The hospital market is constantly on the move. Legal changes, demographic change, new "widespread diseases", and much more. - stimulate thoughts about changes and further developments in the hospital.
Establishing new business areas is a planning and cost-intensive undertaking that raises many questions.
How much needs to be invested? What revenues and, in particular, contribution margins are possible? When will the new business area pay off? How will the new service offering be integrated into the organization?
inspiring-health supports you in setting up new business areas. Methodically based on the framework of the DRG system, we review the range of medical services in your region, perform economic analyses and define the necessary service quality.
Establishment of acute geriatrics as a center for senior surgery.
The hospital was able to generate an advantage from the fact that a high proportion of patients are > 70 years of age. Under the Bavarian Geriatrics Program, beds can be converted into acute geriatric beds once the structural requirements are met.
The structural requirements for geriatrics (as per OPS):
- Treatment by a geriatric team under specialist treatment management.
- Standardized geriatric assessment
- Social assessment on previous status in at least 5
- Weekly team meeting with participation of all professional groups with weekly documentation of previous treatment results and further treatment goals
- Activating-therapeutic care by specially trained nursing staff
- Team-integrated use of at least 2 of the following 4 therapy areas
inspiring-health has performed the following projection calculation:
- Identification of all patients 70 years and older
- Identification of MDCs in which geriatric complex treatment is possible
- Determination of the current case numbers, the VwD as well as the CaseMix (ACTUAL data 2010)
- Simulation calculation for additional revenues (assumption: 30%-50% of patients are treated geriatrically)
- Determination of the required beds from Vwd new, number of patients, utilization 80% à result: approx. 40 beds geriatrics
- Determination of additional costs by planning personnel along the above-mentioned guidelines and material cost share of geriatric DRGs
- No additional costs were estimated for administration and infrastructure.
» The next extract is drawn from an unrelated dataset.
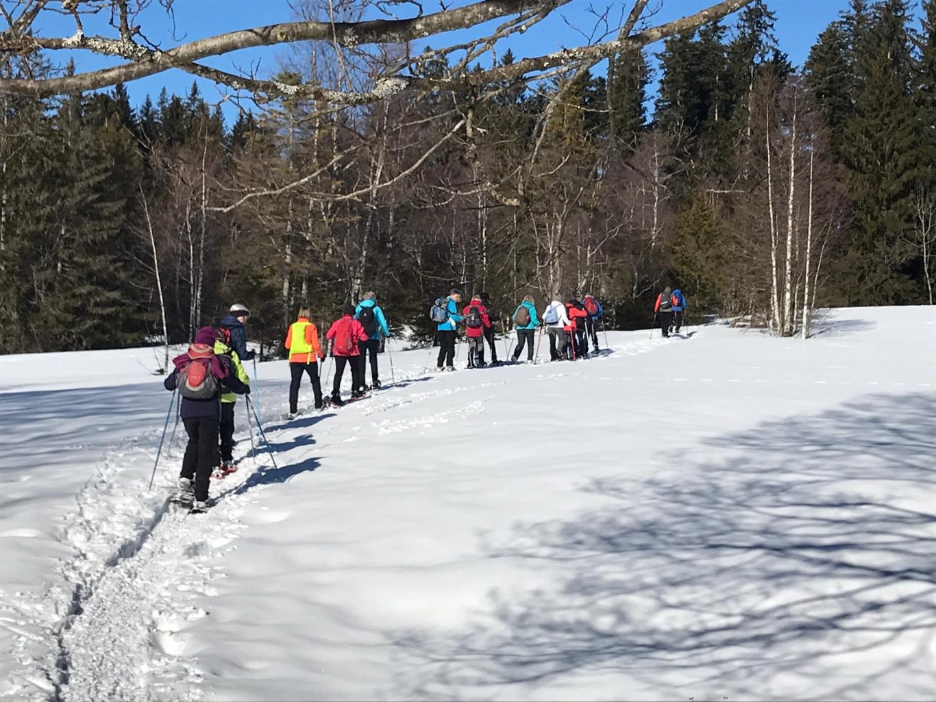 Bei frostigen Temperaturen machte sich eine Gruppe mit 14 TN auf den Weg ins Allgäu zum Schneeschuhlaufen am Eschacher Weiher. Die Sonne empfing uns bereits am Parkplatz. Da alle TN Anfänger waren, dauerte das Anlegen der Schuhschuhe geraume Zeit. Nach einer kurzen Einweisung machten sich alle mit ersten vorsichtigen Schritten auf den Weg. Unterwegs gab es immer wieder Hinweise und Tipps für sicheres und kräfteschonendes Gehen mit Schneeschuhen. Es ist faszinierend zu sehen, wie schnell alle mit mehr Sicherheit und Geschick in unterschiedlichen Schneequalitäten unterwegs sind und damit zurecht-kommen. Das herrliche Winterwetter mit strahlender Sonne begleitete uns den ganzen Tag. So konnten wir in aller Ruhe unsere Vesperpause, gemütlich auf Baumstämmen sitzend mit Blick auf die Allgäuer Berge, genießen. Den Rückweg legten wir schon zügiger zurück, indem zwei Männer die Spur vorlegten. Alle TN freuten sich über den gelungenen Start ins Schneeschuhlaufen und über die frohe Runde, die sich da getroffen hat. Zum Gelingen haben Christine und Uli tatkräftig mit beigetragen. Danke euch!

Development of a contribution margin calculation for a bariatric center
Up to now, the development and expansion of bariatric centers has mostly been carried out on the initiative of the head surgeon with internal departmental resources. This does not always involve a planned, strictly process-oriented analysis. Successful bariatric center start-ups appear to be based on the following factors:
- Early involvement of hospital management and involved commercial departments.
- Strategic decision of the hospital management including all involved, medical departments
- Investment plan (infrastructure, personnel)
- Clear project management structures
- Marketing concept
inspiring-health developed a contribution margin calculation tool for various constellations based on the information already available:
- Hospital with own MVZ or own authorization to cover the outpatient process steps
- Hospital with external partner to cover the outpatient process steps
- The contribution margin calculation covers revenues and costs based on personnel expenses of the outpatient and inpatient area.
Quality improvement in the therapy of malnutrition
inspiring-health conducted a simulation calculation to determine whether the structured recognition, treatment and coding of malnutrition - a common phenomenon among elderly patients - can generate additional revenue. Together with a partner, inspiring-health developed the concept "QTM - Quality Enhancement in the Therapy of Malnutrition".
Here, patients are screened in a structured way for the risk of malnutrition, provided with supplements (in normal meals or as sip feeds) if malnutrition is present, and the expenses are coded using special ICD codes. Screening is performed by nursing and a dietitian. The therapy takes place during the inpatient stay. Upon discharge, the physician providing further treatment receives information on how therapy should ideally be continued.
In addition to the increase in the quality of diagnostics and therapy, some patients also generate higher revenues in the DRG system, which are usually far sufficient to cover the costs of the project.